### Data excerpts
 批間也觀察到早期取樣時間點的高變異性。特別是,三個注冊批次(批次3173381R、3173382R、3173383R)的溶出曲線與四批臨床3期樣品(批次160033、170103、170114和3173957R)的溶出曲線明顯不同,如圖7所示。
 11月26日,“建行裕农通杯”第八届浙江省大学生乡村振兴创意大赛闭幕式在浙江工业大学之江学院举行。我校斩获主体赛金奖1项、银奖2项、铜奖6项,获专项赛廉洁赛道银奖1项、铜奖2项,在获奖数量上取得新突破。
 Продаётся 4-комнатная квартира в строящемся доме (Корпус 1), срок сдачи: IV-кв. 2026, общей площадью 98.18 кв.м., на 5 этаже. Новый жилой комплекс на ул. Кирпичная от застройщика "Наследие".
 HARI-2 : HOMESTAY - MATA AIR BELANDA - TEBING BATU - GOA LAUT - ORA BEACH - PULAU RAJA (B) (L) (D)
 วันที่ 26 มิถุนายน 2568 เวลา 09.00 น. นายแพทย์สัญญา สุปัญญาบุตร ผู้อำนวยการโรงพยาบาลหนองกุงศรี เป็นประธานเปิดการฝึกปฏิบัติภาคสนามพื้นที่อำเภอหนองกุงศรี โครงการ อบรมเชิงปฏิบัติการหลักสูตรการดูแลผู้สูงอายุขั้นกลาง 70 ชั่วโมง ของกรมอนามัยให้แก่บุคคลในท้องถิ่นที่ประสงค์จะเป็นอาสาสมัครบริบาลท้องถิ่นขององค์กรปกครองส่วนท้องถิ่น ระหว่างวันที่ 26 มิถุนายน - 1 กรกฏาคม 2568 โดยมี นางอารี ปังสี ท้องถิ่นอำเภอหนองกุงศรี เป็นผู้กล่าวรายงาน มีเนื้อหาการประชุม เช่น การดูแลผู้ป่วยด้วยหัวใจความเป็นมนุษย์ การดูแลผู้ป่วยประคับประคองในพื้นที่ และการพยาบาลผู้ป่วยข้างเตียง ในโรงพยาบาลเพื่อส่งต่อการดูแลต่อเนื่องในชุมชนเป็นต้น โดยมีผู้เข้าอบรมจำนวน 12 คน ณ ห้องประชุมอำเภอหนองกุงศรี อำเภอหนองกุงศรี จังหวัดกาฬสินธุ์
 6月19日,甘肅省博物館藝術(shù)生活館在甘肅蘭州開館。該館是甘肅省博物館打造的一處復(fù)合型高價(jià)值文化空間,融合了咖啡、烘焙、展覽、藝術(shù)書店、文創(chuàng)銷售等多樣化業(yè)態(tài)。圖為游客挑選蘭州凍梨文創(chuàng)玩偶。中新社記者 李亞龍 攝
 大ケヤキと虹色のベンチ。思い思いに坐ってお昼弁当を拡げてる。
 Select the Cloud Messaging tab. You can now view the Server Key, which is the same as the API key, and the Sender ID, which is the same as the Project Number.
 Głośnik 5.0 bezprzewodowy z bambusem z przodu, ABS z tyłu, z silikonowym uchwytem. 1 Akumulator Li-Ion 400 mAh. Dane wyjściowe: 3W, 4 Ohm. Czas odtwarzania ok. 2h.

---

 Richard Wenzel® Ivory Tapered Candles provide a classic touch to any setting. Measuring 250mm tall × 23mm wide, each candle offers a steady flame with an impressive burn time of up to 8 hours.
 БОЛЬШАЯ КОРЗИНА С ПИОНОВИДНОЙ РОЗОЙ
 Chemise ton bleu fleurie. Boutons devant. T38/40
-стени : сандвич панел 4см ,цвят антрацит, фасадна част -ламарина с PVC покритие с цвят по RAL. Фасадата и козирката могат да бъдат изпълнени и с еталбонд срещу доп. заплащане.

### What needs to be done
Write out only the lines that run from the line containing "6月19日,甘肅省博物館藝術" through the line containing "Głośnik 5.0 bezprzewodowy", both included, exactly as they appear above.

### Output of the task
 6月19日,甘肅省博物館藝術(shù)生活館在甘肅蘭州開館。該館是甘肅省博物館打造的一處復(fù)合型高價(jià)值文化空間,融合了咖啡、烘焙、展覽、藝術(shù)書店、文創(chuàng)銷售等多樣化業(yè)態(tài)。圖為游客挑選蘭州凍梨文創(chuàng)玩偶。中新社記者 李亞龍 攝
 大ケヤキと虹色のベンチ。思い思いに坐ってお昼弁当を拡げてる。
 Select the Cloud Messaging tab. You can now view the Server Key, which is the same as the API key, and the Sender ID, which is the same as the Project Number.
 Głośnik 5.0 bezprzewodowy z bambusem z przodu, ABS z tyłu, z silikonowym uchwytem. 1 Akumulator Li-Ion 400 mAh. Dane wyjściowe: 3W, 4 Ohm. Czas odtwarzania ok. 2h.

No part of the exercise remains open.